_Provided material_.

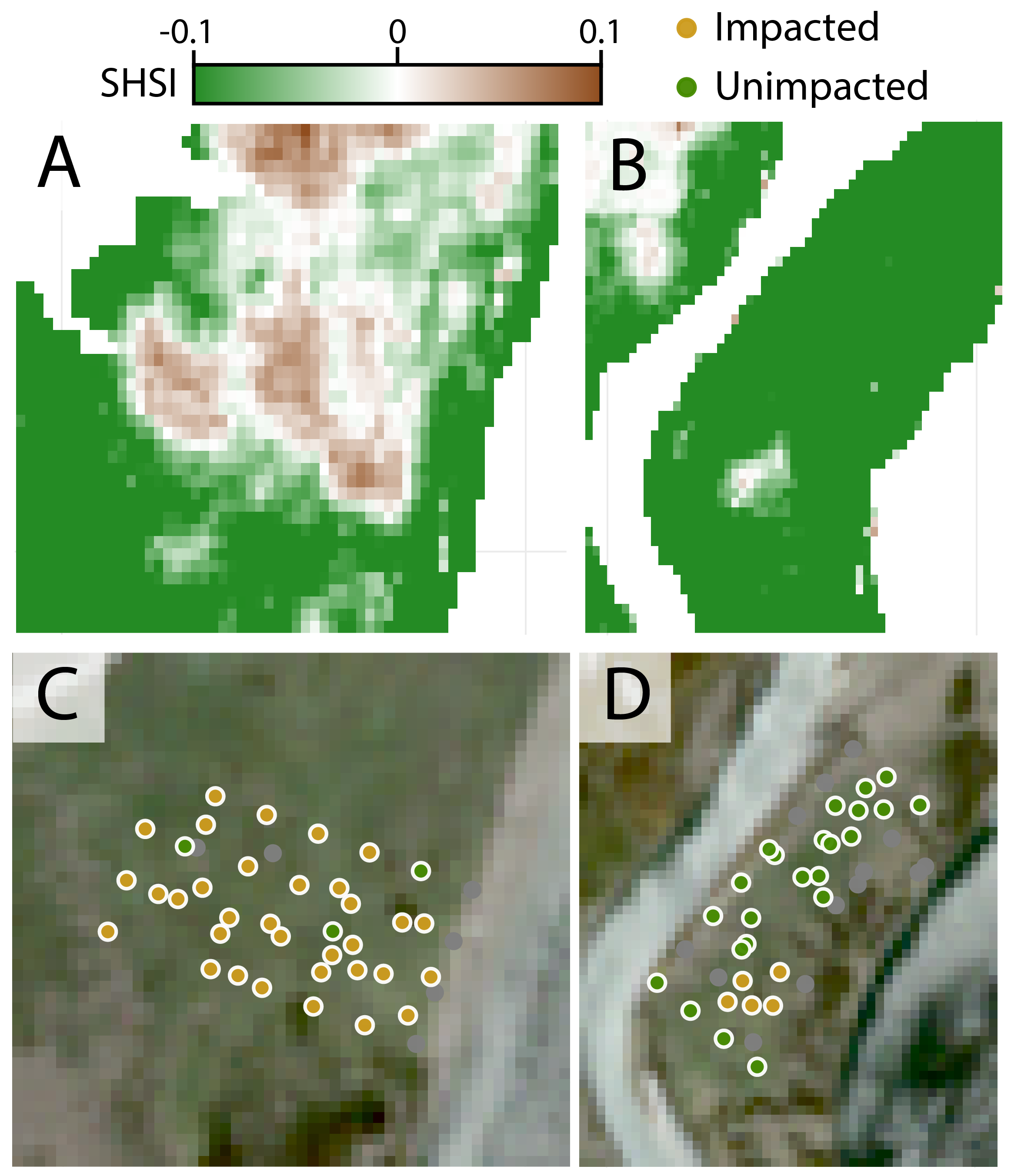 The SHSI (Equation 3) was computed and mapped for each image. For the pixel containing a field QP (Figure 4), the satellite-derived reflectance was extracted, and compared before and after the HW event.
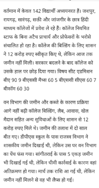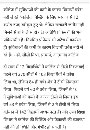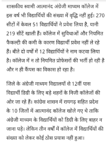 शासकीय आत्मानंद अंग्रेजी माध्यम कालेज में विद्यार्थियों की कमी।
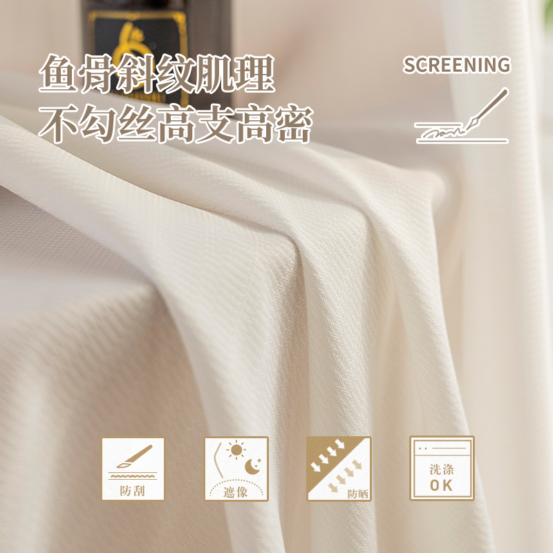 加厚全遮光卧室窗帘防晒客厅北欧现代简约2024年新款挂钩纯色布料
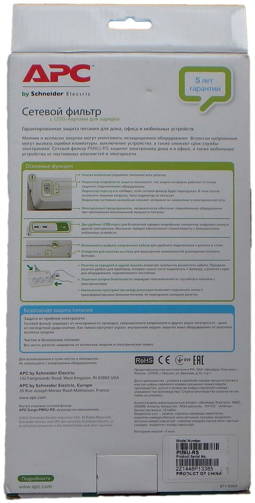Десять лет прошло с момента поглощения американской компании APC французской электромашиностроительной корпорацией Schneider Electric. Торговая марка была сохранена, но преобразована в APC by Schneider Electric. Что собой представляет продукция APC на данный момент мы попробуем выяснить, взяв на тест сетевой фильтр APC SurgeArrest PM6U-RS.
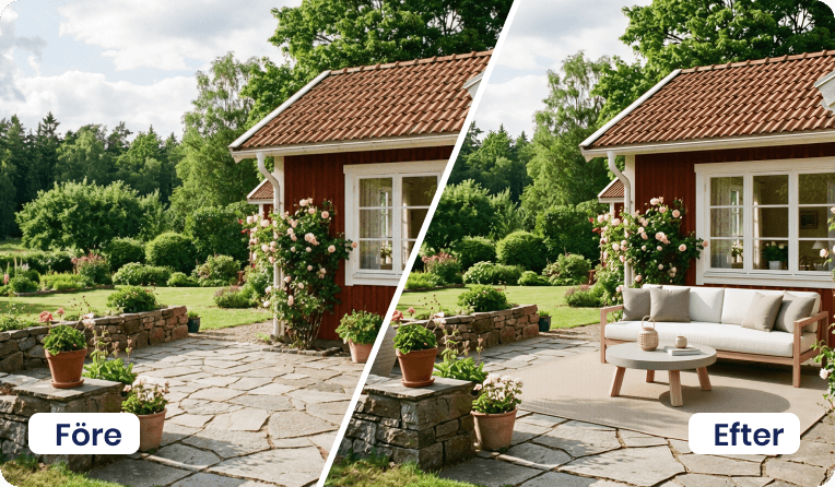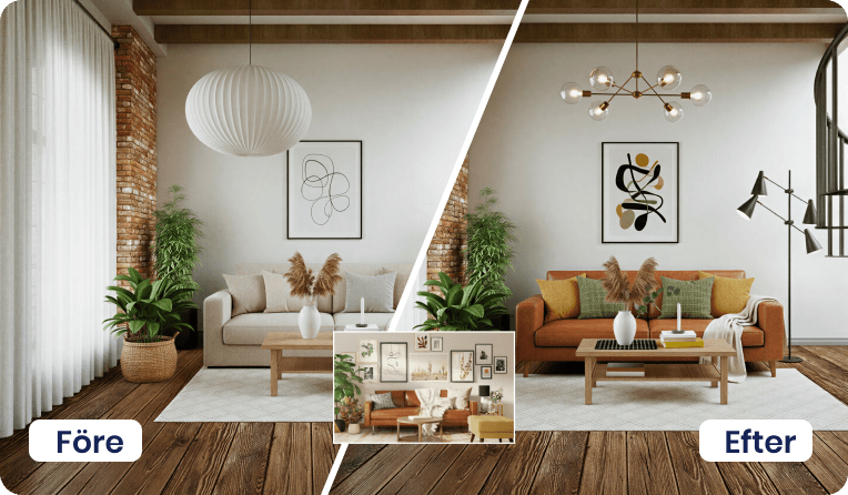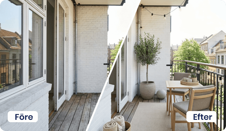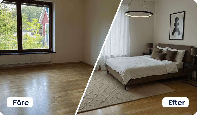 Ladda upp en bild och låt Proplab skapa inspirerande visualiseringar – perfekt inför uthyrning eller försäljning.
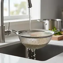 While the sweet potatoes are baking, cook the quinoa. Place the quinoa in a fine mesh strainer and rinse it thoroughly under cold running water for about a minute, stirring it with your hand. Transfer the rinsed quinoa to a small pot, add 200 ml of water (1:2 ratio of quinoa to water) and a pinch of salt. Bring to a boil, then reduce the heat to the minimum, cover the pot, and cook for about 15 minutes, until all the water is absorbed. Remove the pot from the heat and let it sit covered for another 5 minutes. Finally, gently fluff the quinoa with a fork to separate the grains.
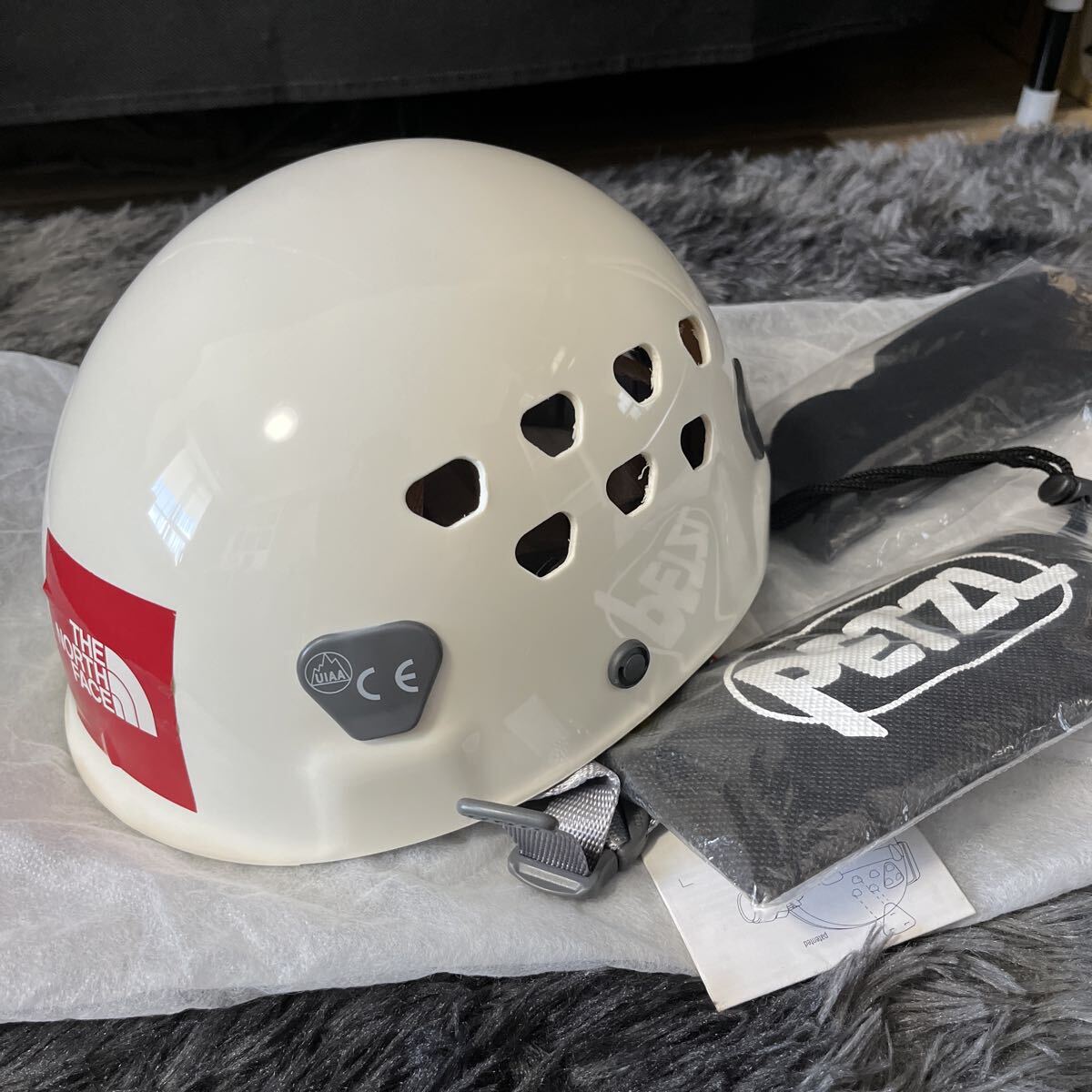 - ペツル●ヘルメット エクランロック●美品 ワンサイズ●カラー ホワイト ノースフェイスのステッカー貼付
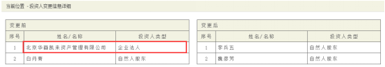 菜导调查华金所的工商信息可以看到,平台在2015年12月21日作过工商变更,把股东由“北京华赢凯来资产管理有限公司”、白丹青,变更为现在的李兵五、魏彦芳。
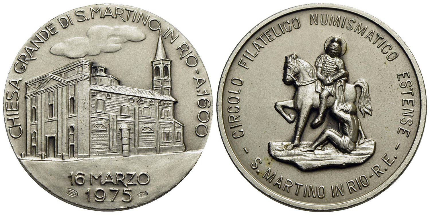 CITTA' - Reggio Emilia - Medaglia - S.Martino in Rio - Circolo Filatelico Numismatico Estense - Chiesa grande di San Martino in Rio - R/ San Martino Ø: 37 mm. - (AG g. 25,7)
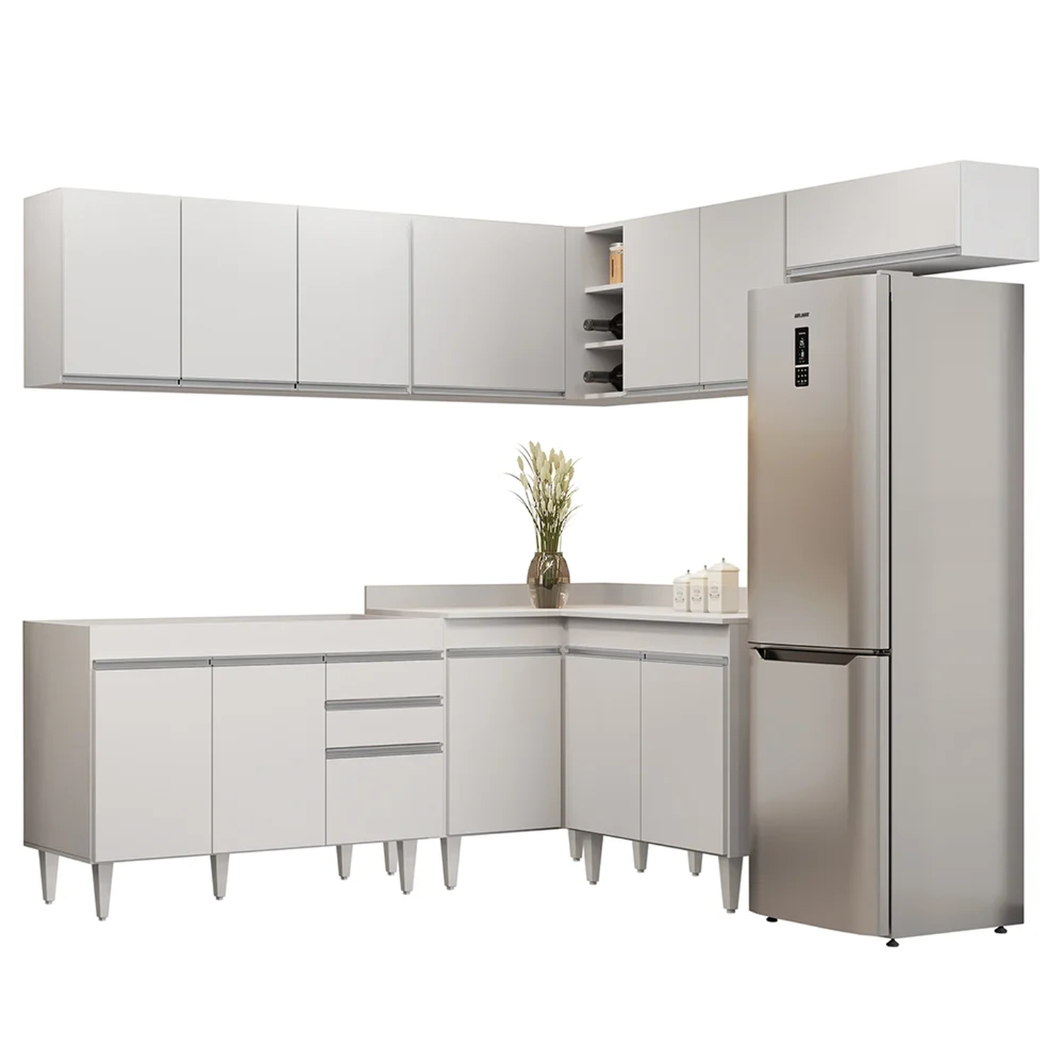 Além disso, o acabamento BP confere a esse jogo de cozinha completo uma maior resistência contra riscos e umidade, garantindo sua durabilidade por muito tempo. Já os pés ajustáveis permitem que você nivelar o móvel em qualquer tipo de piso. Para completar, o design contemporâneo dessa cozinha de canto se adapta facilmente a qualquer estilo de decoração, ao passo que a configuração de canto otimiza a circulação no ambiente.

_Work task_. Please give back exactly the lines from the first line of the records above through the line containing "加厚全遮光卧室窗帘防晒客厅北欧现代简约2024年新款挂钩纯色布料", only those and both included, with the pictures removed.

_Reply_.
 The SHSI (Equation 3) was computed and mapped for each image. For the pixel containing a field QP (Figure 4), the satellite-derived reflectance was extracted, and compared before and after the HW event.
 शासकीय आत्मानंद अंग्रेजी माध्यम कालेज में विद्यार्थियों की कमी।
 加厚全遮光卧室窗帘防晒客厅北欧现代简约2024年新款挂钩纯色布料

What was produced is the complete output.